Investors in private equity-backed companies
The private equity industry has embraced the responsible investment agenda, evidenced by the BVCA’s responsible investment toolkit which has been in existence for many years. Investors are increasingly proactive in managing ESG risks and promoting sustainable business principles during the life of the investment, and seizing the opportunities provided by good governance.

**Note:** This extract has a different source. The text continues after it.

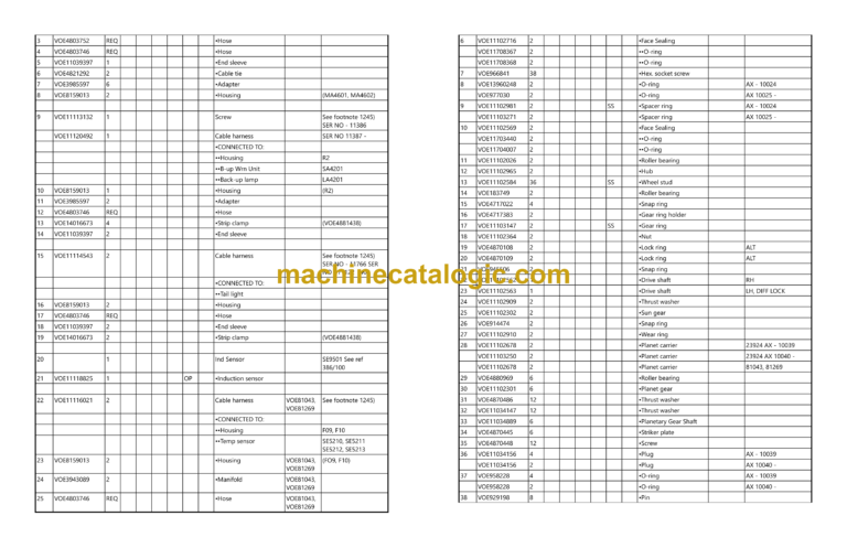 Volvo A35D Articulated Hauler Dump Truck Parts Manual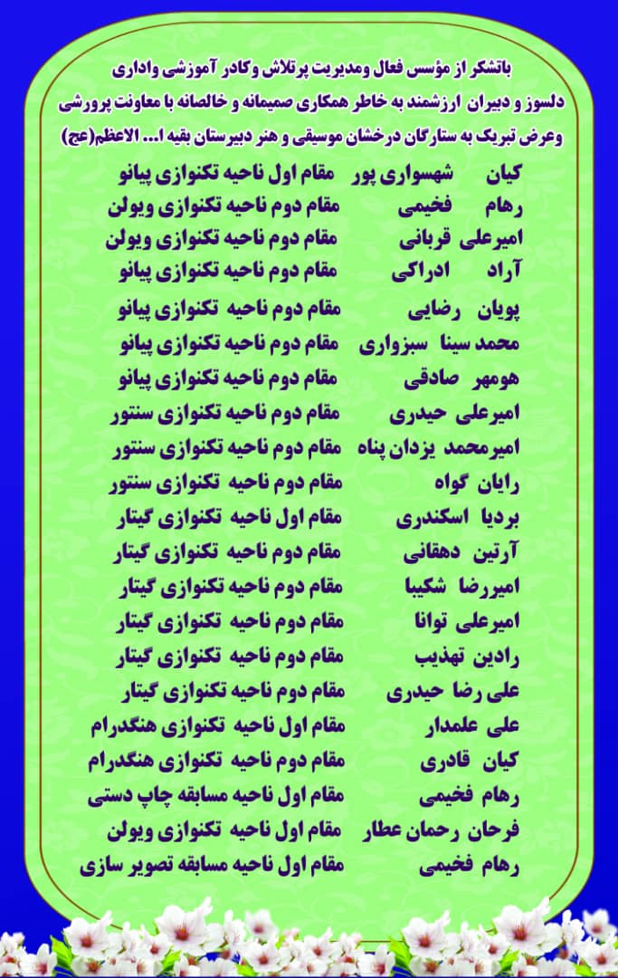 با تشکر از مؤسس فعال و مدیریت پرتلاش و کادر آموزشی و اداری دلسوز و دبیران ارزشمند به خاطر همکاری صمیمانه و خالصانه با معاونت پرورشی و عرض تبریک به ستارگان درخشان موسیقی و هنر دبیرستان بقیه‌الله الاعظم (عج) 🙏🏻🌹

Most private equity firms would argue that their rigorous corporate governance and accountability mechanisms are an integral part of their investment philosophy, and good governance makes a positive contribution to investment outcomes. A private equity firm will typically appoint one or more of its own executives to the board of the investee company and usually, an outside director will also join the board, often acting as its chair. The board takes the lead in the management of ESG risks and opportunities, which many investors regard as integral to value creation and an important part of the exit process. Often, during the pre-investment phase, private equity investors assess ESG issues in the portfolio company and identify areas for improvement. Post-investment, they may require the company to address deficiencies, under the supervision of the board, and to report KPIs to show progress. In summary, private equity firms regard the composition of the board, its remit and decision-making processes as critical – alongside a clear and comprehensive reporting framework – and these structures are often used to ensure that the firm's approach to responsible investment is translated into concrete actions at operational level.
The Walker Guidelines on disclosure and transparency in private equity have increased the level of public narrative reporting for portfolio companies, helping to demonstrate that private equity investors are responsible owners and builders of businesses, and preparing investee companies for increased transparency and reporting obligations ahead of a possible listing on a public market.